If you want UCS-2 (aka UTF-16 without surrogates) data I can give you gigabytes of files in tmx format.

May 30, 2017

Re: Faster Command Line Tools in D

Posted by Steven Schveighoffer
in reply to Patrick Schluter

Steven Schveighoffer

Posted in reply to Patrick Schluter

On 5/30/17 5:57 PM, Patrick Schluter wrote:
> On Tuesday, 30 May 2017 at 21:18:42 UTC, Steven Schveighoffer wrote:
>> On 5/26/17 11:20 AM, John Colvin wrote:
>>> On Friday, 26 May 2017 at 14:41:39 UTC, John Colvin wrote:
>>>> [...]
>>>
>>> This version also has the advantage of being (discounting any bugs in
>>> iopipe) correct for arbitrary unicode in all common UTF encodings.
>>
>> I worked a lot on making sure this works properly. However, it's
>> possible that there are some lingering issues.
>>
>> I also did not spend much time optimizing these paths (whereas I spent
>> a ton of time getting the utf8 line parsing as fast as it could be).
>> Partly because finding things other than utf8 in the wild is rare, and
>> partly because I have nothing to compare it with to know what is
>> possible :)
>
> If you want UCS-2 (aka UTF-16 without surrogates) data I can give you
> gigabytes of files in tmx format.

The data I can (and have) generated from UTF-8 data. I have tested my byLine parser to make sure it properly splits on "interesting" code points in all widths. UTF-16 data without surrogates should probably work fine. I haven't tuned it though like I tuned the UTF-8 version. Is there a memchr for wide characters? ;)

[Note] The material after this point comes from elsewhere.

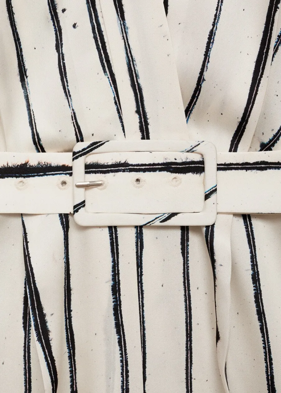 Satynowa tkanina. Lejąca tkanina. Model długi. Model prosty. Struktura w pasy. Zakładany dekolt V. Bez rękawów. Odpinany pasek. Szlufki. Zapięcie z tyłu na kryty suwak.

What I really haven't done is compared my line parsing code with multi-code-unit delimiters against one that can do the same thing. I know Phobos and C FILE * really can't do it. I haven't really looked at all in C++, so I should probably look there before giving up.

-Steve

May 31, 2017

Re: Faster Command Line Tools in D

Posted by Patrick Schluter
in reply to Steven Schveighoffer

Patrick Schluter

Posted in reply to Steven Schveighoffer

On Tuesday, 30 May 2017 at 22:31:50 UTC, Steven Schveighoffer wrote:
> On 5/30/17 5:57 PM, Patrick Schluter wrote:
>> On Tuesday, 30 May 2017 at 21:18:42 UTC, Steven Schveighoffer wrote:
>>> On 5/26/17 11:20 AM, John Colvin wrote:
>>>> On Friday, 26 May 2017 at 14:41:39 UTC, John Colvin wrote:
>>>>> [...]
>>>>
>>>> This version also has the advantage of being (discounting any bugs in
>>>> iopipe) correct for arbitrary unicode in all common UTF encodings.
>>>
>>> I worked a lot on making sure this works properly. However, it's
>>> possible that there are some lingering issues.
>>>
>>> I also did not spend much time optimizing these paths (whereas I spent
>>> a ton of time getting the utf8 line parsing as fast as it could be).
>>> Partly because finding things other than utf8 in the wild is rare, and
>>> partly because I have nothing to compare it with to know what is
>>> possible :)
>>
>> If you want UCS-2 (aka UTF-16 without surrogates) data I can give you
>> gigabytes of files in tmx format.
>
> The data I can (and have) generated from UTF-8 data. I have tested my byLine parser to make sure it properly splits on "interesting" code points in all widths. UTF-16 data without surrogates should probably work fine. I haven't tuned it though like I tuned the UTF-8 version. Is there a memchr for wide characters? ;)
>
> What I really haven't done is compared my line parsing code with multi-code-unit delimiters against one that can do the same thing. I know Phobos and C FILE * really can't do it. I haven't really looked at all in C++, so I should probably look there before giving up.
>
> -Steve

In any case, you can download the dataset from [1] if you like. There are several 100 Mb big zip files containing a collection of tmx files (translation memory exchange) with European Legislation. The files contain multi-alignment texts in up to 24 languages. The files are encoded in UCS-2 little-endian. I know for a fact (because I compiled the data) that they don't contain characters outside of the BMP. The data is public and can be used freely (as in beer).
When I get some time, I will try to port the java app that is distributed with it to D (partially done yet).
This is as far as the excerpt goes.